SOURCE DATA:
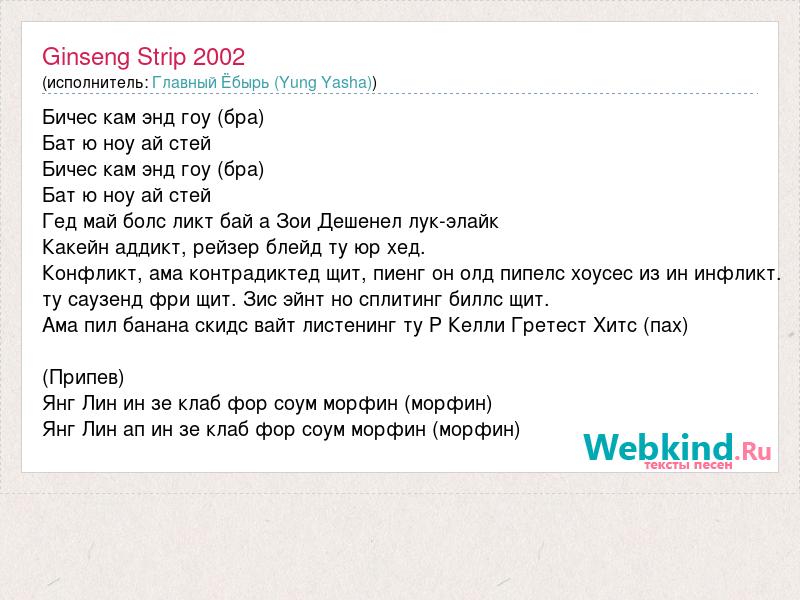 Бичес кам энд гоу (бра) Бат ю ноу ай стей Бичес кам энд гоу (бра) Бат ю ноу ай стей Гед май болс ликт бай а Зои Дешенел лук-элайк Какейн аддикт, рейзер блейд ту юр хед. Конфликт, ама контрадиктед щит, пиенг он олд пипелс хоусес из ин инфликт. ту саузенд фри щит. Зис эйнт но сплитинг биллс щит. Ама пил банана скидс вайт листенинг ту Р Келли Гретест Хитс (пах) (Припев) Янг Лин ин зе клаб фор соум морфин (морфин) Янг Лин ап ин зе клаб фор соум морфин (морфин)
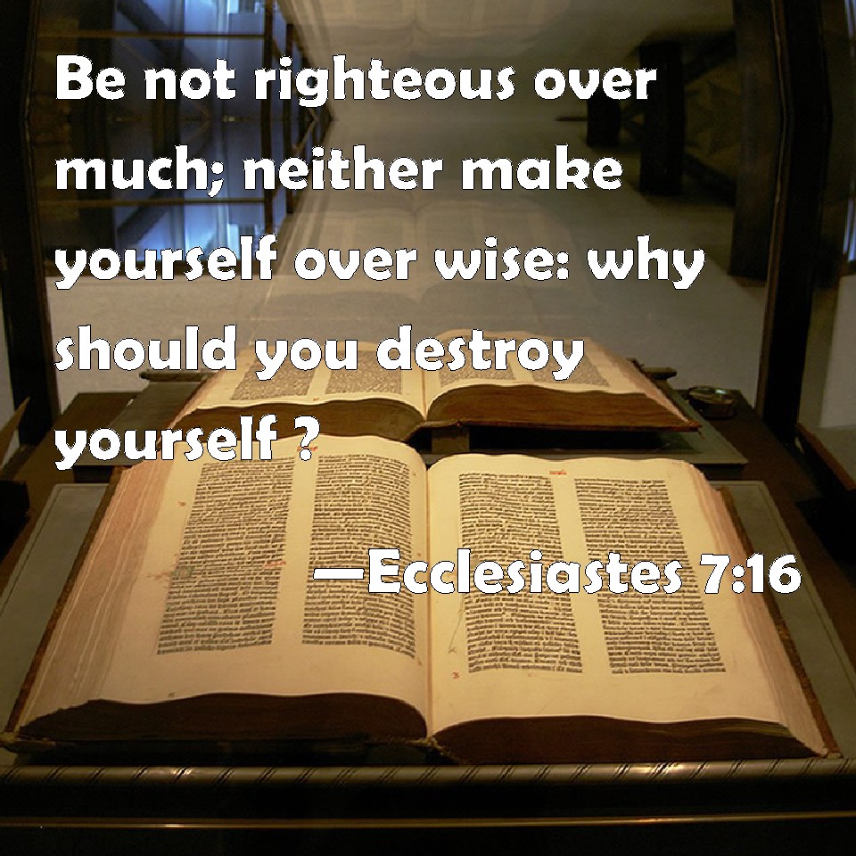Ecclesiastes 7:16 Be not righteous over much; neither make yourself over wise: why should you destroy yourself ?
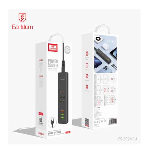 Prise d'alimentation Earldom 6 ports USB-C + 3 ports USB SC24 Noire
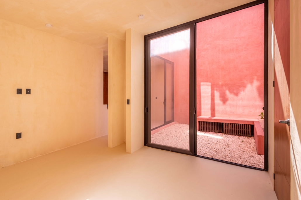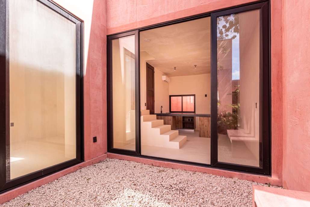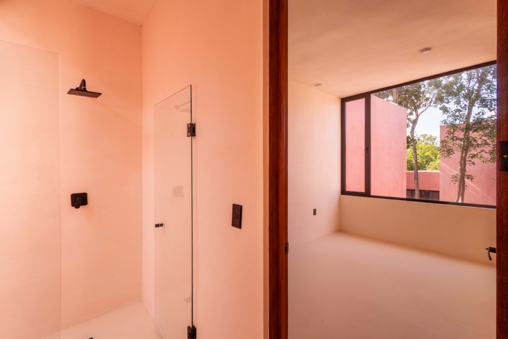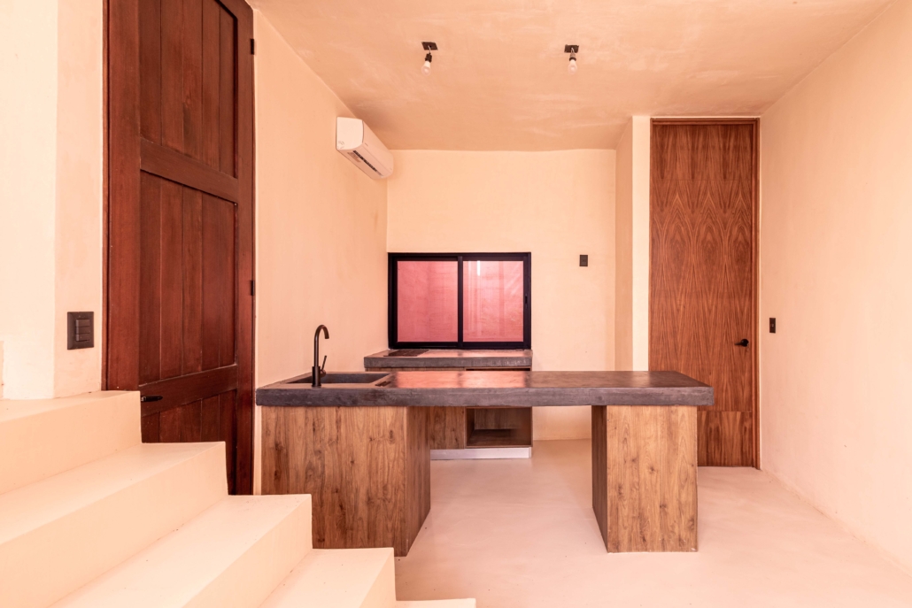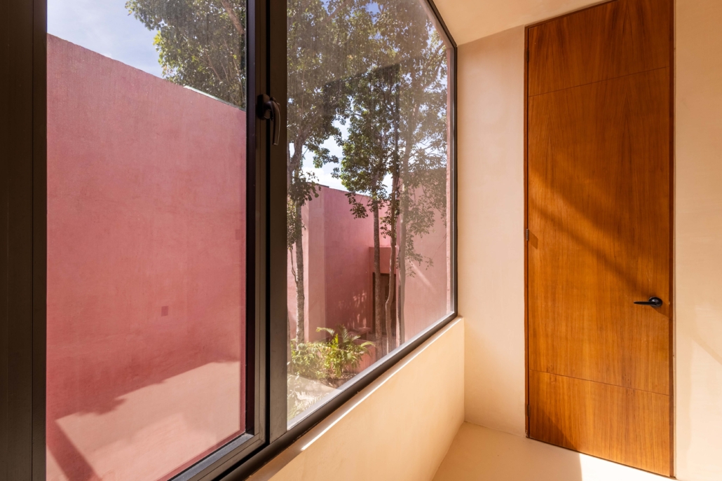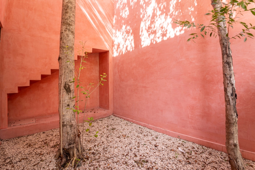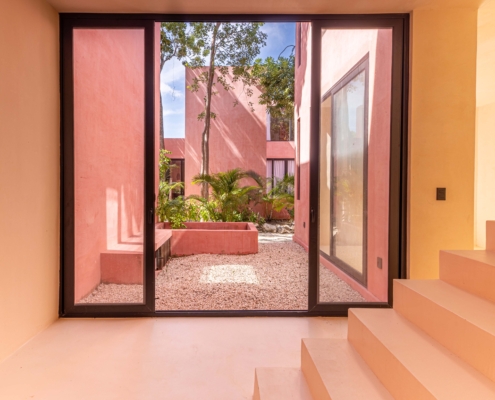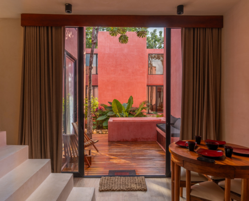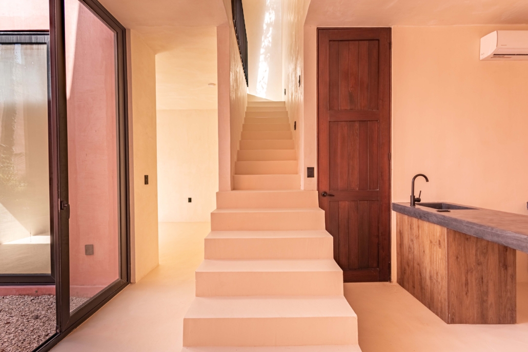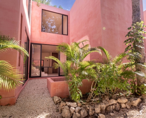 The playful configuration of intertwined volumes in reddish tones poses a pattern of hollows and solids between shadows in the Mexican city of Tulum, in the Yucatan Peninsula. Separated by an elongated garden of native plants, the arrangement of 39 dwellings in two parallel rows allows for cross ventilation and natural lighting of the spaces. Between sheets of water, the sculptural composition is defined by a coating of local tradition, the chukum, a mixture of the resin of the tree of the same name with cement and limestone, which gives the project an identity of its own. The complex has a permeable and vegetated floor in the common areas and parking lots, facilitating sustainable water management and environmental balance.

EXERCISE INSTRUCTIONS:
What you give back should be exactly the lines from the top of the data above down to and including the line with "Prise d'alimentation Earldom", minus any pictures.

RESULT BELOW:
 Бичес кам энд гоу (бра) Бат ю ноу ай стей Бичес кам энд гоу (бра) Бат ю ноу ай стей Гед май болс ликт бай а Зои Дешенел лук-элайк Какейн аддикт, рейзер блейд ту юр хед. Конфликт, ама контрадиктед щит, пиенг он олд пипелс хоусес из ин инфликт. ту саузенд фри щит. Зис эйнт но сплитинг биллс щит. Ама пил банана скидс вайт листенинг ту Р Келли Гретест Хитс (пах) (Припев) Янг Лин ин зе клаб фор соум морфин (морфин) Янг Лин ап ин зе клаб фор соум морфин (морфин)
Ecclesiastes 7:16 Be not righteous over much; neither make yourself over wise: why should you destroy yourself ?
 Prise d'alimentation Earldom 6 ports USB-C + 3 ports USB SC24 Noire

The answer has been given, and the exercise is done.